▸ **WORK INSTRUCTIONS**:
This exercise calls for an exact transcription. Set down every record below.

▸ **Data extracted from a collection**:
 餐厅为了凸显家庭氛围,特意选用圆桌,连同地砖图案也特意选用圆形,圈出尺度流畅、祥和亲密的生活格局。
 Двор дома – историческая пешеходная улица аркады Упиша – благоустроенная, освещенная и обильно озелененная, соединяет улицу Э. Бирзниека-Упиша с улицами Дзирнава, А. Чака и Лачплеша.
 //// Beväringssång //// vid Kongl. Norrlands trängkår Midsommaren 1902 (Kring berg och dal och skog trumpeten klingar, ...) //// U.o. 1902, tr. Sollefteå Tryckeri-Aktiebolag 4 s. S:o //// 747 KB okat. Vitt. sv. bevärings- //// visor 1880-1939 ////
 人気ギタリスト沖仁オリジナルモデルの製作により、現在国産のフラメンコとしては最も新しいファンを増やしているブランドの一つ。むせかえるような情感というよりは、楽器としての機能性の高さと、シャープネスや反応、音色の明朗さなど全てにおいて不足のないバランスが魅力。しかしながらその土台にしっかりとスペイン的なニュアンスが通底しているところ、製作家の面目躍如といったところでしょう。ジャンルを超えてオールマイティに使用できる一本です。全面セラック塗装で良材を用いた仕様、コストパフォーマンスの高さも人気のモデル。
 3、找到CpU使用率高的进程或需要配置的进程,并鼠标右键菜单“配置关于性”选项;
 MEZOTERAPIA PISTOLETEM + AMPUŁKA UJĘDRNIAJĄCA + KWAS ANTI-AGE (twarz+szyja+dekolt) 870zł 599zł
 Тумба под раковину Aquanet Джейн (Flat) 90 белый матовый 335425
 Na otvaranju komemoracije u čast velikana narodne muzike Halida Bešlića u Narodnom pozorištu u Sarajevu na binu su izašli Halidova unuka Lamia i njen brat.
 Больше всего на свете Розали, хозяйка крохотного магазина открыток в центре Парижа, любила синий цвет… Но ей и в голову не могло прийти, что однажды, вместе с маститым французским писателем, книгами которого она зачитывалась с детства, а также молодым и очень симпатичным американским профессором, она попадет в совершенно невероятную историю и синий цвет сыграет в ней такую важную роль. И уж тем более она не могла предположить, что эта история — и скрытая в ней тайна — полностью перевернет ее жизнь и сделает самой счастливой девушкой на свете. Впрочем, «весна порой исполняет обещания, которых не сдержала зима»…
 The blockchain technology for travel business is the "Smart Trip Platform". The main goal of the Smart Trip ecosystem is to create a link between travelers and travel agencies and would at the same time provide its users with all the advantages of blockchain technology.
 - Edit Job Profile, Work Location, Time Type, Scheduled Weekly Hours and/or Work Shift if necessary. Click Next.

▸ **RESPONSE AREA**:
 餐厅为了凸显家庭氛围,特意选用圆桌,连同地砖图案也特意选用圆形,圈出尺度流畅、祥和亲密的生活格局。
 Двор дома – историческая пешеходная улица аркады Упиша – благоустроенная, освещенная и обильно озелененная, соединяет улицу Э. Бирзниека-Упиша с улицами Дзирнава, А. Чака и Лачплеша.
 //// Beväringssång //// vid Kongl. Norrlands trängkår Midsommaren 1902 (Kring berg och dal och skog trumpeten klingar, ...) //// U.o. 1902, tr. Sollefteå Tryckeri-Aktiebolag 4 s. S:o //// 747 KB okat. Vitt. sv. bevärings- //// visor 1880-1939 ////
 人気ギタリスト沖仁オリジナルモデルの製作により、現在国産のフラメンコとしては最も新しいファンを増やしているブランドの一つ。むせかえるような情感というよりは、楽器としての機能性の高さと、シャープネスや反応、音色の明朗さなど全てにおいて不足のないバランスが魅力。しかしながらその土台にしっかりとスペイン的なニュアンスが通底しているところ、製作家の面目躍如といったところでしょう。ジャンルを超えてオールマイティに使用できる一本です。全面セラック塗装で良材を用いた仕様、コストパフォーマンスの高さも人気のモデル。
 3、找到CpU使用率高的进程或需要配置的进程,并鼠标右键菜单“配置关于性”选项;
 MEZOTERAPIA PISTOLETEM + AMPUŁKA UJĘDRNIAJĄCA + KWAS ANTI-AGE (twarz+szyja+dekolt) 870zł 599zł
 Тумба под раковину Aquanet Джейн (Flat) 90 белый матовый 335425
 Na otvaranju komemoracije u čast velikana narodne muzike Halida Bešlića u Narodnom pozorištu u Sarajevu na binu su izašli Halidova unuka Lamia i njen brat.
 Больше всего на свете Розали, хозяйка крохотного магазина открыток в центре Парижа, любила синий цвет… Но ей и в голову не могло прийти, что однажды, вместе с маститым французским писателем, книгами которого она зачитывалась с детства, а также молодым и очень симпатичным американским профессором, она попадет в совершенно невероятную историю и синий цвет сыграет в ней такую важную роль. И уж тем более она не могла предположить, что эта история — и скрытая в ней тайна — полностью перевернет ее жизнь и сделает самой счастливой девушкой на свете. Впрочем, «весна порой исполняет обещания, которых не сдержала зима»…
 The blockchain technology for travel business is the "Smart Trip Platform". The main goal of the Smart Trip ecosystem is to create a link between travelers and travel agencies and would at the same time provide its users with all the advantages of blockchain technology.
 - Edit Job Profile, Work Location, Time Type, Scheduled Weekly Hours and/or Work Shift if necessary. Click Next.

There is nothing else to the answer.